The Web, on the other hand, became popular as a rich medium. You can fiddle with things while there's a tiny installed base, but once it goes mainstream, the design is pretty much frozen, and change becomes glacial and difficult. When was CSS finalized again?
From day one it [Pre-W3 HTML] was designed as a right medium.
**********
Quote:
Originally posted by Amorph
That's tendentious and silly.
It was designed, and became popular, and remains popular, as a text-only means of communication. Therefore it functions most reliably as a text-only means of communication. Whether the design is optimal is irrelevant. It is, and it's everywhere. My complaints with rich text email have nothing to do with some bias against rich text (or multimedia) and everything to do with real-world experience with various implementations built on top of basic email, all of which have fallen down with various degrees of severity at various times in my own experience.
The Web, on the other hand, became popular as a rich medium. You can fiddle with things while there's a tiny installed base, but once it goes mainstream, the design is pretty much frozen, and change becomes glacial and difficult. When was CSS finalized again?
The logic does not flow. E-mail was designed as text-only so it functions most reliably as a text-only means of communication, you argued. Web was also designed as text only and does it cease to function reliably once non-text objects were added? How about books? I know I am being argumentative here but reliablity in this case has nothing to do with the original design.
But in any case, feel free to use and advocate the use of plain text e-mail/web as much as you want. It's your choice. However, if other "various implementations built on top of basic e-mail" are causing you problems, there is clearly a solution: get them to send you basic plain text! It is as if they do not have a choice. They do and sent you information in a format you do not like - this is different than e-mail being unreliable.
****
Offtopic here... "tendentious", that's a good word! Have to use it today.
The logic does not flow. E-mail was designed as text-only so it functions most reliably as a text-only means of communication, you argued. Web was also designed as text only and does it cease to function reliably once non-text objects were added? How about books?
I think we're a bit off a constructive discussion on the merits and technical issues associated with various email formats... but i'll bite.
I think the difference is that email's poorly specified standards were well-entrenched prior to the addition of formatting and embedded images.
On the other hand, html and other web technologies gained widespread use only after formatting and image capabilities were added. Also, given the extensible nature of the <tag></tag> structure, the bastardization of web standards was easier to accomplish.

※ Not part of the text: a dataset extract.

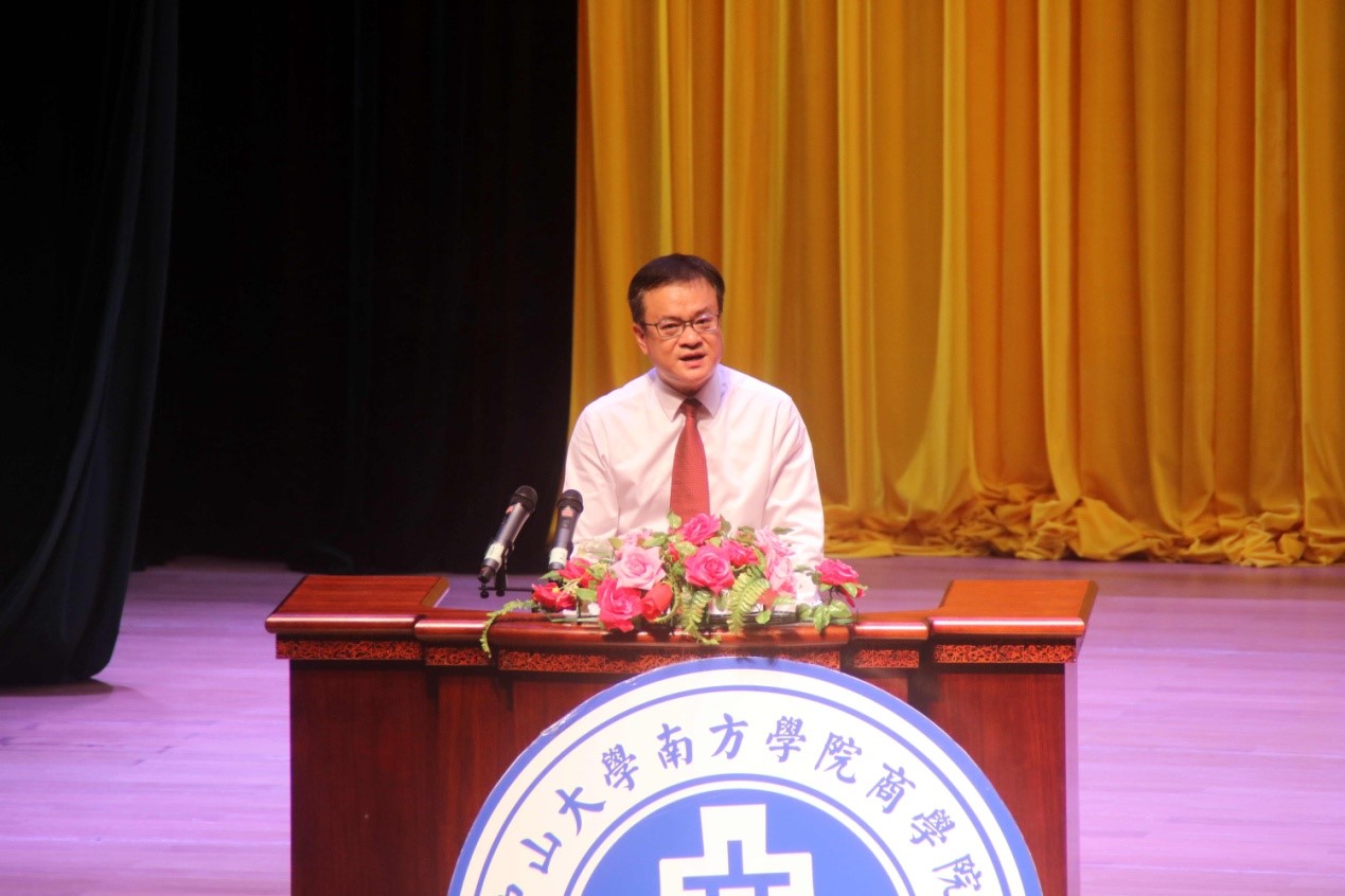 随后,校友代表钟政先生和教师代表张玉冰副教授依次发言。钟政师兄以幽默的口吻,为同学们展示了其创业的艰辛,鼓励同学们心怀梦想,要敢闯敢拼,专注认真,不言不弃。
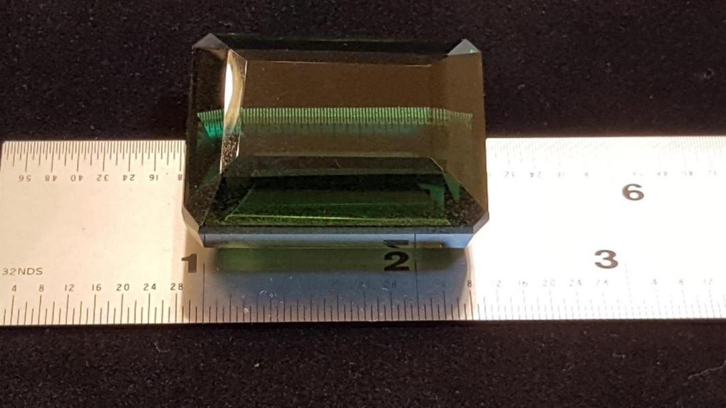 STUNNING 199.90 CT CERTIFIED AAA QUALITY GREEN AMETHYST. A FINE EMERALD CUT MEASURING 35.88 x 26.74 x 17.16 mm. DISPLAYING A VIVID SATURATION AND CLARITY. NEAR FLAWLESS. HEATED TO ENHANCE COLOR. PLEASE SEE CERTIFICATION FOR FURTHER DETAILS.

Of course there are also issues like the number of viewers written for mail as compared to the number written for web content. There are literally thousands of email programs still in use. To make matters worse, the parsing and transmission of a web document is far simpler than for messages. Layout, no, but transmission and parsing yes. Hell, even line-wrap is an unspecified mess with email.
Books? Well their new formats and images are backwards compatible with all legacy viewing hardware.
Discussion of technology aside, I'm still in favor of plain text email.
<ironic bold-face/>Aren't you glad audio effects and transmission volume aren't standard telephony options?
The logic does not flow. E-mail was designed as text-only so it functions most reliably as a text-only means of communication, you argued. Web was also designed as text only and does it cease to function reliably once non-text objects were added? How about books? I know I am being argumentative here but reliablity in this case has nothing to do with the original design.
The logic doesn't flow because you're not following it. The crucial point is not the original design, but the design that's in place at the time the technology is widely adopted - because that's when legacy becomes both important and constraining. The web was widely adopted as a pictures-and-text medium, and in fact it has struggled to evolve far beyond the technologies that it went mainstream with - most major sites still use tables and presentation-based markup. I myself have an XHTML version of my band's webpage sitting idly on my hard drive because I still have to answer to the expectations of IE 3 and NS 4. What the ur-web looked like matters as little to the modern web as bangpaths matter to the modern Internet. The audience was so small that upgrading them to the next thing was a simple and painless task. Upgrading the web since NS 2, on the other hand, is a different matter.
Email was widely adopted when it was still plain text. Now, believe me, I'd be much happier if it hadn't caught on until we had UTF-8 and some form of formatting beyond creative use of splats and slashes, but that's not what happened. It took long enough just to get MIME out there (even now, not all email clients out there can handle MIME). So, as I initially said, if you want email to just work, send plain text. It's not a "personal preference." It's the only form of email that just works, for better or for worse. That's a simple, empirical fact.
Quote:
But in any case, feel free to use and advocate the use of plain text e-mail/web as much as you want. It's your choice. However, if other "various implementations built on top of basic e-mail" are causing you problems, there is clearly a solution: get them to send you basic plain text!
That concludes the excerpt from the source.